So wie ich es verstanden hab, gibts wohl keine manuelle Steuerung. 
Also einfach im Bios die Q-Fan-Option aktivieren, PWR-Fan auswählen, da 4-poliger Lüfter und dann eines der drei Presets (Performance, Optimal, Silent) wählen. Optimal sollte wohl der beste Kompromiss sein, bei Silent wär ich mir nicht sicher, ob der Lüfter anläuft...


----------



## Kaktus (20. Januar 2011)

*AW: Scythe Mugen 2 Lüfter dreht sich nicht*

Einfach mal das versuchen was eagum sagt. Was anderes würde mir jetzt auch nicht einfallen.


----------



## d0nut (20. Januar 2011)

*AW: Scythe Mugen 2 Lüfter dreht sich nicht*

also im bios war schon alles ganz genauso eingestellt wie es beschrieben wurde, hab im q-fan alles ausprobiert aber hat nicht geholfen.
Nun hab ich mit speedfan mal bisschen probiert den lüfter zu regeln und im moment dreht der sich grade auf knappe 180 RPM, aber für wie lange bloß?!
wenn ich ihn auf volllast bringe dreht er sich ja wie beschrieben bis zu 1400 rpm aber das kann ich dann auch wieder nur manuell einstellen...gibts noch mehr möglichkeiten?


----------



## eagum (20. Januar 2011)

*AW: Scythe Mugen 2 Lüfter dreht sich nicht*

Naja, eine Möglichkeit wäre noch, mit Hilfe eines Adapters oder eines Seitenschneiders, Lüsterklemme etc. einen festen 12V-Pegel draufzulegen (über Gehäuselüfteranschlüsse oder direkt ans Netzteil). Dann dreht er eben immer mit den max. Umdrehungen. Das wäre dann das gleiche wie mit Speedfan, nur eben ohne Software und nicht regelbar...

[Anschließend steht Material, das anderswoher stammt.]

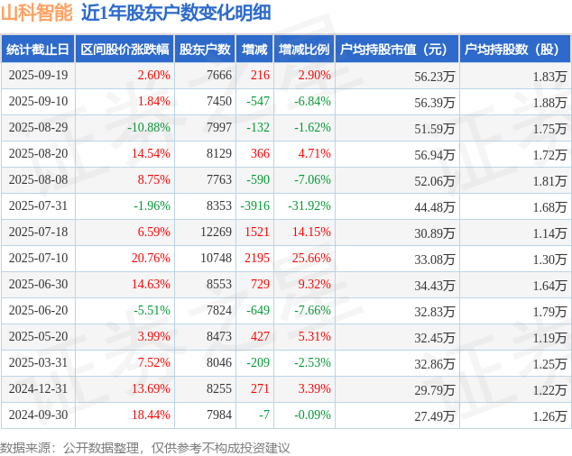 从股价来看,2025年9月10日至2025年9月19日,山科智能区间涨幅为2.6%,在此期间股东户数增加216.0户,增幅为2.9%。

Dein Problem mit Speedfan hab ich jetzt nicht ganz verstanden...Passt dir die Software nicht oder ist er dir bei 1400 Umdrehungen zu laut? Weil regeln lässt er sich doch damit oder?


----------



## d0nut (20. Januar 2011)

*AW: Scythe Mugen 2 Lüfter dreht sich nicht*

Ahja ok alles klar danke.
Doch also die software speedfan is für mich ein gutes programm bin damit vollkommen zufrieden und regeln lassen sich die lüfter natürlich auch.
Nur das ich den Cpu lüfter manuell ständig regeln müsste ist zu viel aufwand...naja aber solange die temperatur auf 28-30 grad liegen (laut Speedfan) hab ich damit kein bedenken^^


----------



## d0nut (21. Januar 2011)

*AW: Scythe Mugen 2 Lüfter dreht sich nicht*

Hey zusammen ich bins nochmal, also wegen mein cpu-lüfter...der läuft immer noch net so richtig nur wenn ich mit der software EPU-4Engine die hochleistung anschalte dreht sich der lüfter bis zu 350 RPM oder mehr und wenn ich die stufe wieder auf max. energieeinsparung runter drehe sinkts wieder auf 0. 
Kann es vllt. sein das der zu wenig strom bekommt (kann ich mir kaum vorstellen bei dem Netzeil be quiet! Straight Power BQT E7-700W) ?


----------



## Hobbes (21. Januar 2011)

*AW: Scythe Mugen 2 Lüfter dreht sich nicht*

manchmal hilft es, einfach den Finger in den Lüfter zu halten. Bei meinem Mugen wollte ich auch erst nicht glauben, dass er läuft, so leise war der


----------